**Data records:**
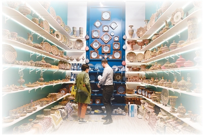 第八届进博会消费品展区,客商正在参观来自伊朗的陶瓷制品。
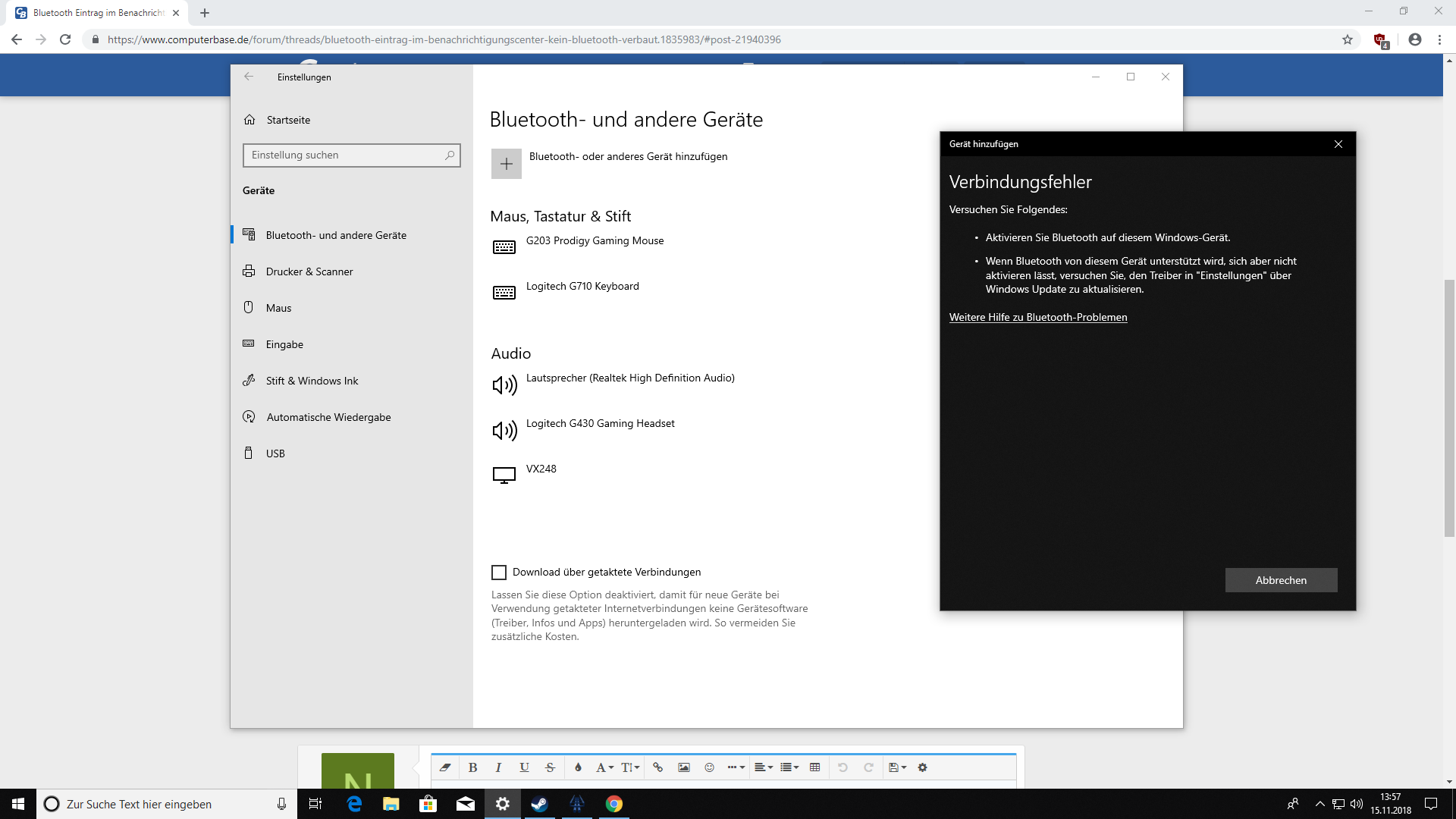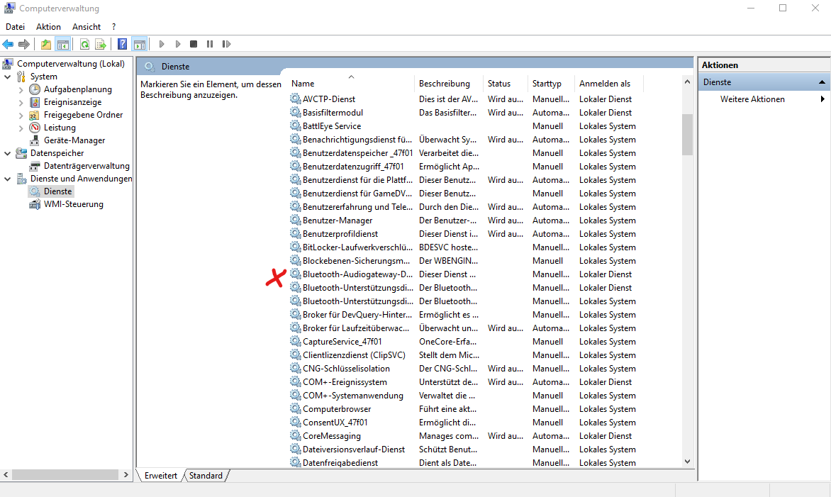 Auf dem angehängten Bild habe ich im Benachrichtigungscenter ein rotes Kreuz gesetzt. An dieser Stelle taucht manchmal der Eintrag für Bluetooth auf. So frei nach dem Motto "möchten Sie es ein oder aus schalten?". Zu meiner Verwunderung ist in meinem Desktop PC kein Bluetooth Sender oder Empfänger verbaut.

...

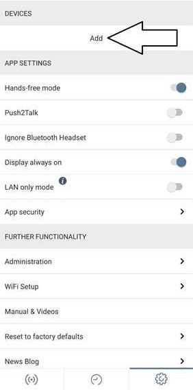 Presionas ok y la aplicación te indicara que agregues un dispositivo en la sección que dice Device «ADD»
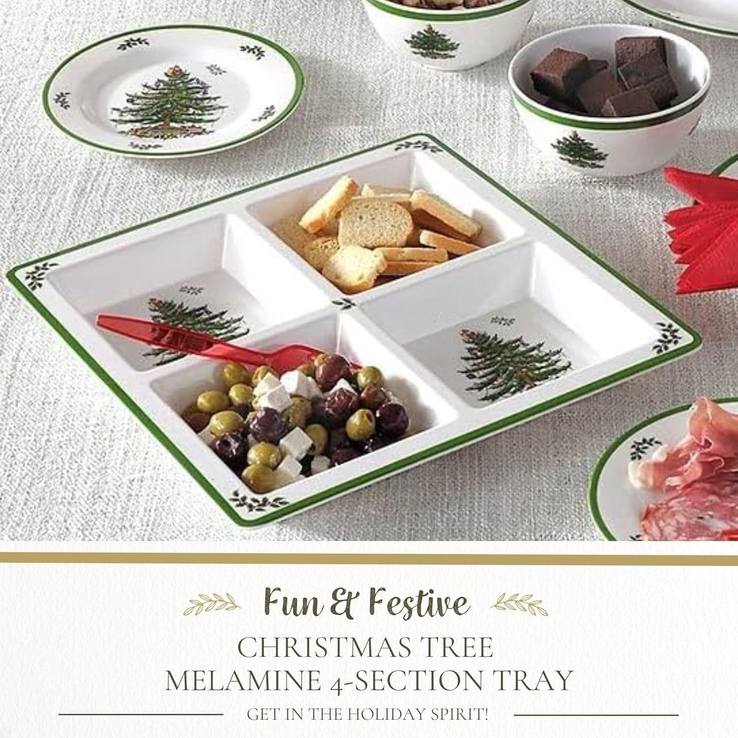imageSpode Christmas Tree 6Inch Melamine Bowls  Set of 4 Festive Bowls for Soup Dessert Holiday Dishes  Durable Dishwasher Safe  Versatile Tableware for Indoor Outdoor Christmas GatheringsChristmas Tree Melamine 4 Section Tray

**Exercise brief:**
For the entries above, print exactly the lines between the one with "第八届进博会消费品展区,客商正在参观来自伊朗的陶瓷制品。" and the one with "Auf dem angehängten", inclusive, with no pictures.

**Task output:**
 第八届进博会消费品展区,客商正在参观来自伊朗的陶瓷制品。
 Auf dem angehängten Bild habe ich im Benachrichtigungscenter ein rotes Kreuz gesetzt. An dieser Stelle taucht manchmal der Eintrag für Bluetooth auf. So frei nach dem Motto "möchten Sie es ein oder aus schalten?". Zu meiner Verwunderung ist in meinem Desktop PC kein Bluetooth Sender oder Empfänger verbaut.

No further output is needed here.